A few jokes
Just some jokes being emailed around that I found amusing enough! Thanks Arie.
Marriage (Part I)
Typical macho man married typical good-looking lady, and after the wedding, he laid down the following rules:
“I’ll be home when I want, if I want and at what time I want — and I don’t expect any hassle from you. I expect a great dinner to be on the table unless I tell you that I won’t be home for dinner. I’ll go hunting, fishing, boozing, and card-playing when I want with my old buddies, and don’t you give me a hard time about it. Those are my rules. Any comments?”

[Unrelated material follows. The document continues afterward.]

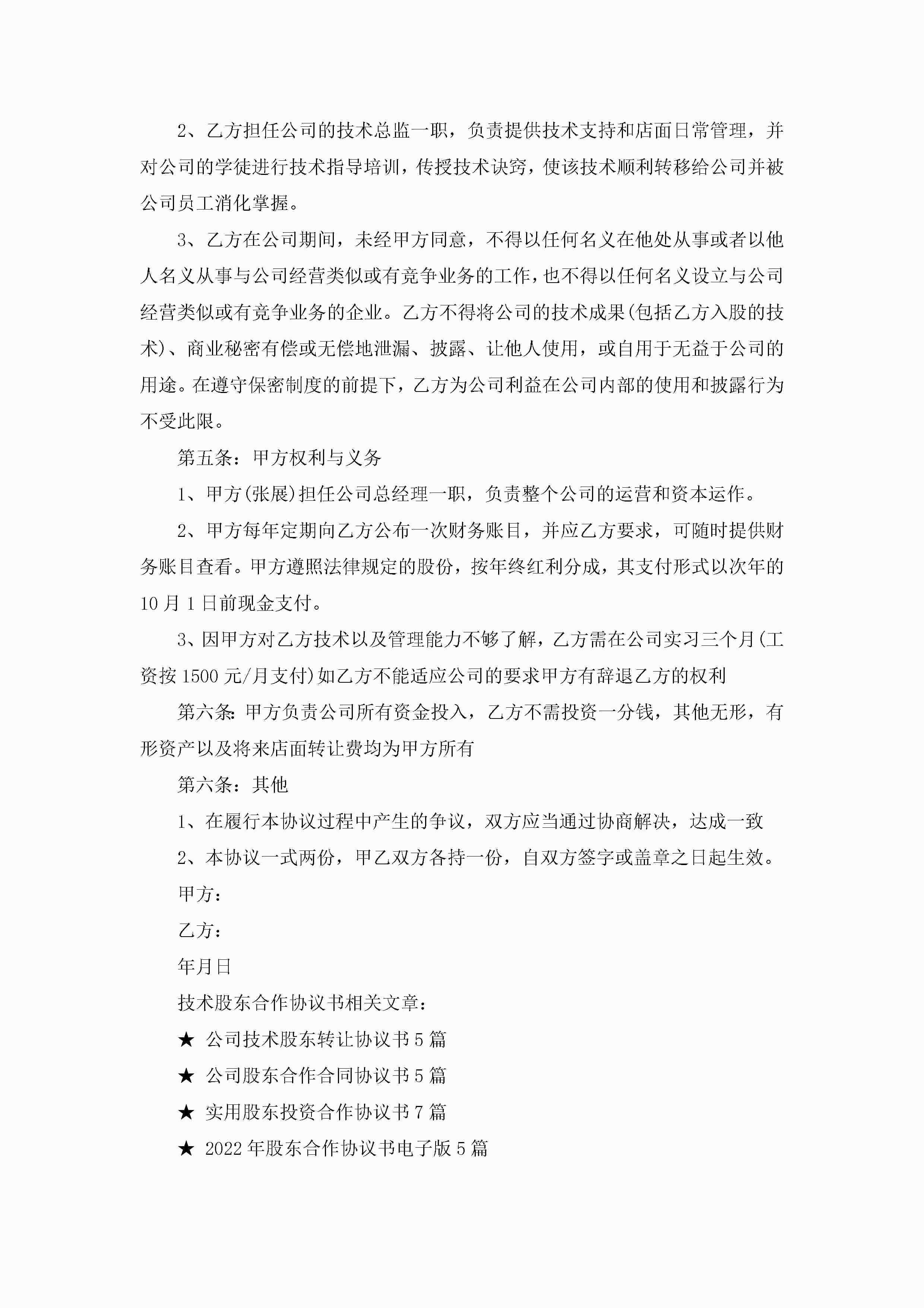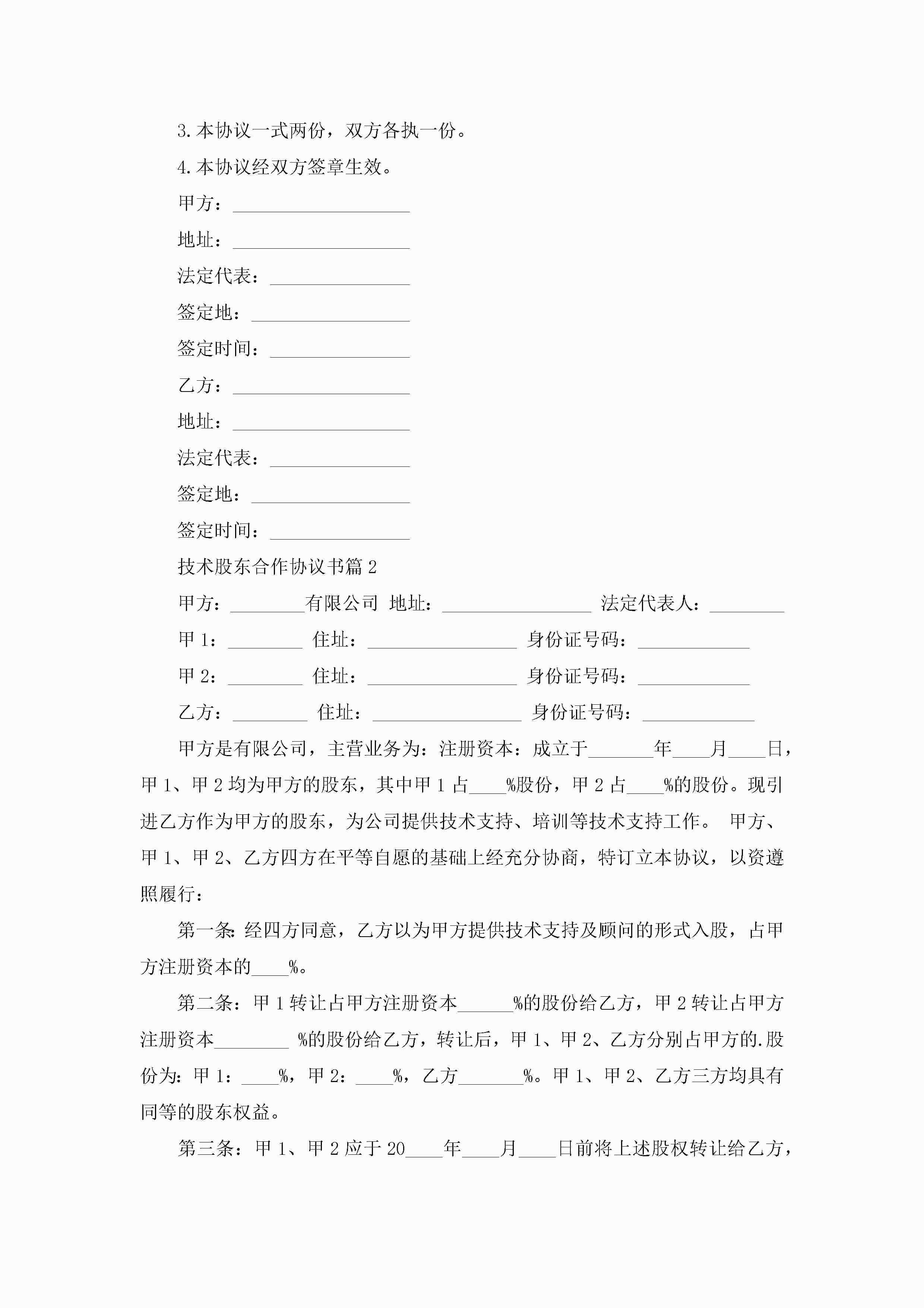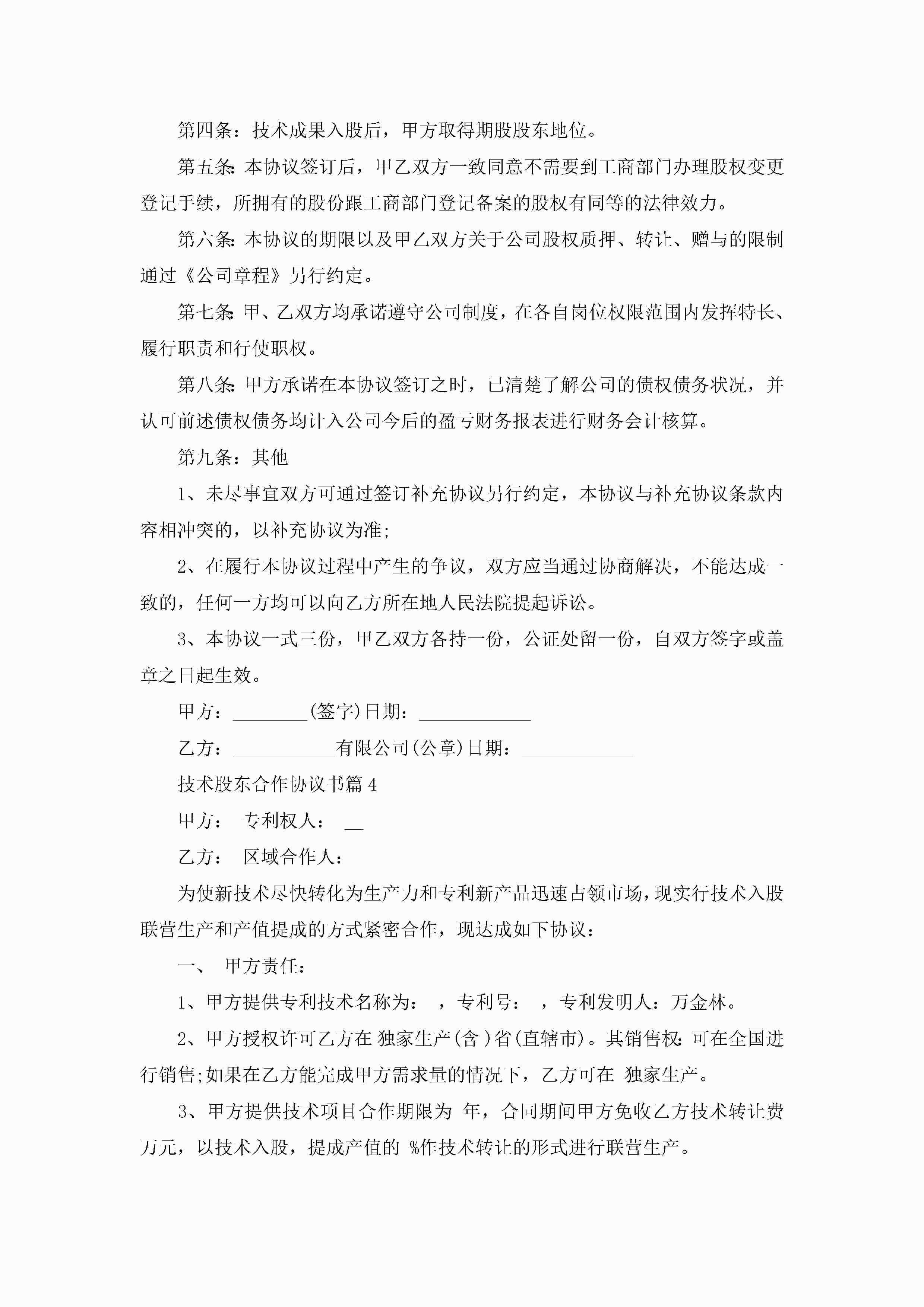 技术股东合作协议书5篇jugei3月22日 12:38更新关注228 技术股东合作协议书5篇此内容为付费资源,请付费后查看¥10.9 单篇文档限时特惠¥15个人会员开通企业会员开通立即下载无需登陆!可直接快捷下载单个模板付费资源© 版权声明THE ENDWord模板# 实用文档# 信函模板# 协议书# 技术股东合作协议书 如有问题,可点击最底部“联系我们”联系客服 分享QQ空间微博QQ好友海报分享复制链接收藏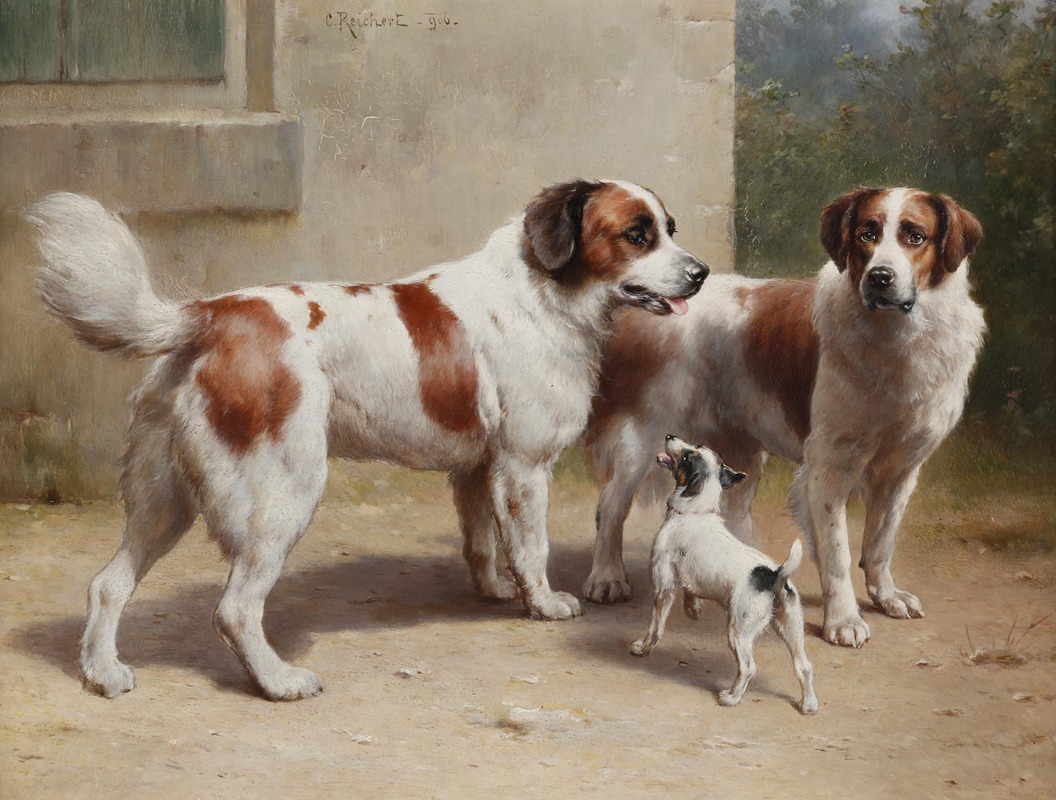 Reichert's paintings were well-received during his lifetime, and he exhibited his works in various art shows and galleries. His ability to capture the essence of his animal subjects earned him a dedicated following, and his works were sought after by collectors across Europe. Reichert's paintings often featured a variety of dog breeds, each rendered with careful attention to their unique features and temperaments.

His new bride said: “No, that’s fine with me. Just understand that there will be sex here at seven o’clock every night…whether you’re here or not.”
Marriage (Part II)
Husband and wife had a bitter quarrel on the day of their 40th wedding anniversary! The husband yells, “When you die, I’m getting you a headstone that reads, ‘Here Lies My Wife — Cold As Ever’!” “Yeah?” she replies. “When you die, I’m getting you a headstone that reads, ‘Here Lies My Husband — Stiff At Last’!”
Marriage (Part III)
Husband (a doctor) and his wife are having a fight at the breakfast table. Husband gets up in a rage and says, “And you are no good in bed either,” and storms out of the house. After some time he realizes he was nasty and decides to make amends and rings her up. She comes to the phone after many rings, and the irritated husband says, “What took you so long to answer to the phone?” She says, “I was in bed.” “In bed this early, doing what?” “Getting a second opinion!”
Marriage (Part IV)
A man has six children and is very proud of his achievement. He is so proud of himself, that he starts calling his wife,“Mother of Six” in spite of her objections. One night, they go to a party. The man decides that it is time to go home and wants to find out if his wife is ready to leave as well. He shouts at the top of his voice, “Shall we go home Mother of Six?” His wife, irritated by her husband’s lack of discretion, shouts right back, “Any time you’re ready, Father of Four.”
The Silent Treatment
A man and his wife were having some problems at home and were giving each other the silent treatment. Suddenly the man realized that the next day he would need his wife to wake him at 5:00 AM for an early morning business flight. Not wanting to be the first to break the silence (and LOSE), he wrote on a piece of paper,“Please wake me at 5:00 AM.” He left it where he knew she would find it. The next morning the man woke up, only to discover it was 9:00 AM and he had missed his flight. Furious, he was about to go to see why his wife hadn’t awakened him when he noticed a piece of paper by the bed. The paper said, “It is 5:00 AM. Wake up.”
Wishes from a frog
A woman was out golfing one day when she hit her ball into the woods. She went into the woods to look for it and found a frog in a trap. The frog said to her, “If you release me from this trap, I will grant you three wishes.” The woman freed the frog, and the frog said, “Thank you, but I failed to mention that there was a condition to your wishes. Whatever you wish for, your husband will get ……. times ten!” The woman said, “That’s okay.”
For her first wish, she wanted to be the most beautiful woman in the world. The frog warned her, “You do realize that this wish will also make your husband the most handsome man that ever lived, an Adonis whom women will swoon over and flock to“. The woman replied, “That’s okay, because I will be the most beautiful woman and he will have eyes only for me.” So, KAZAM!!! - She’s the most beautiful woman in the world!
For her second wish, she wanted to be the richest woman in the world. The frog said, “That will make your husband the richest man in the world by far. And he will be ten times richer than you. “The woman said, “That’s okay, because what’s mine is his and what’s his is mine.” So, KAZAM!!! - She’s the richest woman in the world! The frog then inquired about her third wish, and after careful consideration she answered, “I’d like a mild heart attack.”
Moral of the story: Women are clever. Don’t mess with them.
ATTENTION female readers: This is the end of the joke for you. Stop here and continue feeling good.
Male readers: The man had a heart attack ten times milder than his wife!!!
Moral of the story: women are really dumb but think they’re really smart. Let them continue to think that way and just enjoy the show.
PS: If you are a woman and are still reading this; it only goes to show that women are nosey cows and never listen!!